On a sunny Thursday at Hopkins Marine Research Station, Stanford sophomore Claire Menke digs carefully in a four-foot hole. Within minutes her arm pops up, victoriously clutching a ceramic shard painted with a floral pattern. She adds it to a collection of artifacts reclaimed from the Chinese fishing village that occupied the Hopkins property more than a century ago: an American coin, a toothbrush handle, rice bowls, bullets and animal bones.
Geraldine Low-Sabado snaps a photo of the shard, and her cousin, Rod Jone, scribbles in a notebook. Both are the great-grandchildren of Chinese fishermen who lived near the excavation site in the mid-1800s.

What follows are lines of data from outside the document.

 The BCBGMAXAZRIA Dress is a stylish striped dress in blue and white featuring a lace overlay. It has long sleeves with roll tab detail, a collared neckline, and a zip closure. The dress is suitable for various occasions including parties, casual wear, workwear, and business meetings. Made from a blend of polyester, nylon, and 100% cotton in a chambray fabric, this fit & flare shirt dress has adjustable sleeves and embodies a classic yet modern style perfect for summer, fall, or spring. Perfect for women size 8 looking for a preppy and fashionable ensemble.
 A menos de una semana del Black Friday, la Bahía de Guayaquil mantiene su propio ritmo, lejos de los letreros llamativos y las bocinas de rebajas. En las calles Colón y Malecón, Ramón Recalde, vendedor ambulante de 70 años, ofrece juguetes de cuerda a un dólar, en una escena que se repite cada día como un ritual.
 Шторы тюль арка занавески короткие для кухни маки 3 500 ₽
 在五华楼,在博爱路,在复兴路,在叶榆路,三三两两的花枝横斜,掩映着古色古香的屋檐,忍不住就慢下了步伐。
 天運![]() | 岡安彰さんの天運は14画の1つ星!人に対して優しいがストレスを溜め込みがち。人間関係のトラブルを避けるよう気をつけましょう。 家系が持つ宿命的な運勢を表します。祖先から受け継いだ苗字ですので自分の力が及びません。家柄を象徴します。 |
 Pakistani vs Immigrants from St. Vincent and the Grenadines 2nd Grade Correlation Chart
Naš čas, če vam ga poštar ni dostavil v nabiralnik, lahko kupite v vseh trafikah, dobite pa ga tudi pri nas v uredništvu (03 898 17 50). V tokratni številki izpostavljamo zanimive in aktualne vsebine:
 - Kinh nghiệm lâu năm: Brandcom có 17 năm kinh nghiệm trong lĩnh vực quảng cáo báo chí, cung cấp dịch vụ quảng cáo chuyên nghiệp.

Stanford doctoral student Bryn Williams, who is writing his dissertation on 19th-century Chinese-American communities, has invited the two descendants to participate in his five-week archaeological dig.
“It’s very special for me to come here and sit on the rocks and imagine what life was like for my ancestors,” Low-Sabado says with a tepid smile. My eyes are drawn first to an American flag pin stuck in her red collared shirt, and then to a gold-and-opal peacock ring that she inherited from her great-grandmother, Quock Mui.
Just a few blocks away, Pacific Grove residents are decking the streets in Chinese bling of another sort. They’re preparing for the Feast of Lanterns, a century-old celebration that paints the town in distinctly Oriental hues. The festival’s organizers view the theme as innocent fun, as much an annual tradition as the salad chow-down and fireworks.
But Williams and other scholars see the festival playing to stereotypes of the Orient that more closely resemble Disney cartoons than the recorded history of the Chinese in Pacific Grove. The kindest phrase for it is ignorant romanticism.